Iyas: Kecenderungan untuk
mengulang satu hal secara terus menerus? (Perilaku)
Kak Nia: Bukan. Ini kaitannya
dengan sikap, terutama sikap kerja.
Iyas: Keuletan...
Kak Nia: Stanford's Marshmallow
Test itu keliatannya sederhana, tapi sebenernya yang diukur itu sesuatu yang
sifatnya signifikan bagi kita semua lho.
Hal-hal mendasar yang
dilihat di tes itu adalah hal-hal yang punya peranan signifikan untuk membuat
seseorang bisa sukses atau gak. Ini kaitannya dengan yg namanya accomplishment.
Accomplishment ini,
sederhananya, kita berhasil meraih sesuatu. Tapi yang diraih bukan sekedar sesuatu
yang sederhana, melainkan sesuatu yang dampaknya besar dan signifikan buat
kita. Masalahnya, kita bisa berhasil meraih sesuatu juga harus ada modalnya.
Modal2 tadi yang dilihat dari hasil penelitian longitudinal di Stanford's
Marshmallow Test.
Misalnya, semua yg dibilang
Iyas tadi.
Contohnya gini...
Kita kan sering anggap,
orang pinter adalah orang yang akan berhasil. Akhirnya, kecenderungannya bilang
keberhasilan itu dilihat dari kapasitas inteligensi doang. Pinter di sini
dilihatnya secara sempit.
Padahal, untuk berhasil ga
cuma butuh otak, tapi juga butuh kepintaran lainnya juga.
Nah, pinter-pinter lainnya
ini apa?
Ada keliatan di hasil tes
tadi.
Menahan diri gak cuma
menahan. Di situ ada aspek spesifik lainnya juga.
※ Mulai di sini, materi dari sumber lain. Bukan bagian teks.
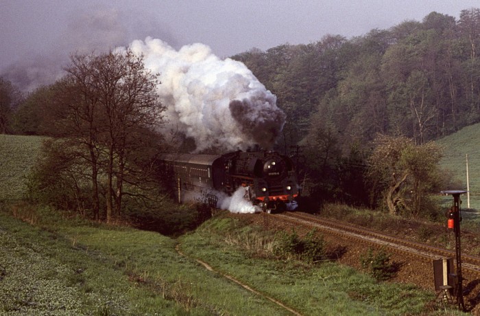 01 0534 mit P 8012 nach der Abfahrt im Haltepunkt Neunhofen, um 7:08h, am 10.05.1980.
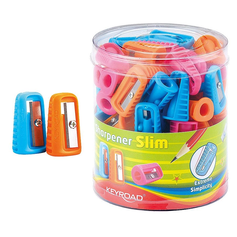 The compact KEYROAD Slim plastic sharpener is ideal for pencil cases and travel bags. It offers a slim design, single-pencil sharpening, a non-slip grip for comfortable handling, and comes in a mix of three colors.
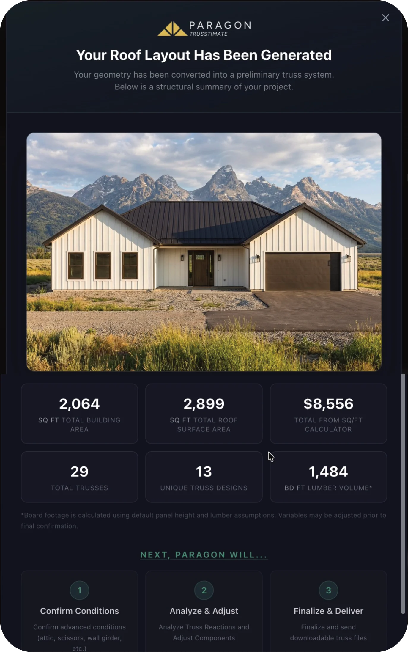 Know early whether a roof can be built using real truss logic, not assumptions.
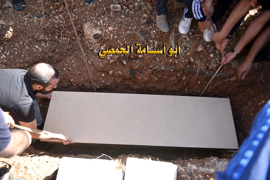 Another picture shows a group of mourners, mostly men, standing in rows, facing the casket as they participate in a funeral prayer. The casket, still adorned with flowers, lay at the forefront of the image. Another image captured the casket being carefully lowered into a grave. Two men crouched beside the grave, using straps to guide the casket into place. The grave itself was freshly dug, its edges sharply defined against the dry, rocky soil. The surrounding mourners stood close by, watching the process with solemnity and reverence. The final image showed men using shovels to cover the grave with soil. A cloud of dust rose as the dry earth fell into the grave, signaling the final act of the burial. The mourners, now fewer in number, watched from a short distance. The surrounding environment was barren, with sparse vegetation and dry earth dominating the landscape, emphasizing the solemnity of the act.
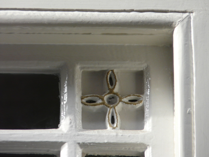 : bovenlicht, roedenpatroon met randmarge met kruisende roeden. Bloemmotief in een van de hoeken
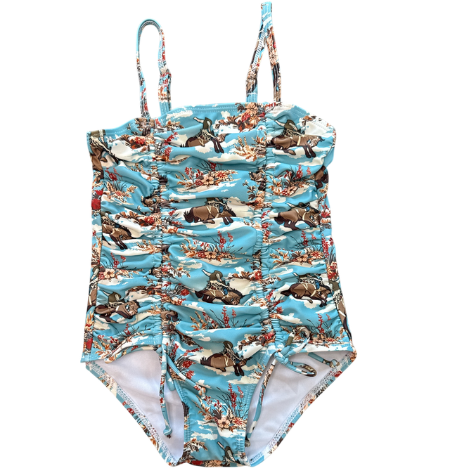 Make a splash with western flair! Comfortable, durable and stylish, this swimsuit is ideal for pool days or beach trips, its a must have for some summer fun!
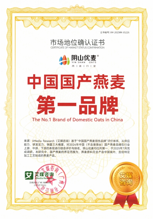 2025年7月,內(nèi)蒙古陰山優(yōu)麥?zhǔn)称酚邢薰精@得權(quán)威咨詢機(jī)構(gòu)艾媒咨詢(iiMedia Research)頒發(fā)的“全球裸燕麥第一品牌”與“中國國產(chǎn)燕麥第一品牌”市場地位確認(rèn)證書。同時,其創(chuàng)新產(chǎn)品“低GI五黑燕麥片”亦被權(quán)威認(rèn)證為全球開創(chuàng)者,標(biāo)志著陰山優(yōu)麥在全球燕麥行業(yè)取得突破性成果。
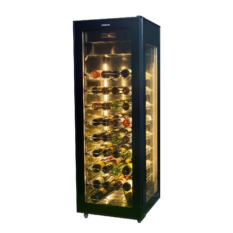 Эффектная, стильная модель серии Cavanova с минимальным потреблением электроэнергии, трехстороннее остекление из двойного, тонированного защитного стекла от УФ излучения и мягкая светодиодная подсветка. Винный шкаф имеет демонстрационный вид,

Ada problem solving, ada
kepatuhan, ada konsistensi, ada daya tahan, ada daya juang. Semua berujung ke
persistensi diri. Hal-hal ini yg juga jadi aspek signifikan, dan bisa jadi
pembeda signifikan juga antara orang yg berhasil vs tidak berhasil mencapai
target personal mereka.
Keterangan :
#Psytalk ini dilakukan pada 10 Mei 2014 di Grup Whatsapp @KlubBuku Indonesia, dengan dipandu oleh @IyasCoveRy dan @SetyoJoko dan ditutup oleh @niafajriyani.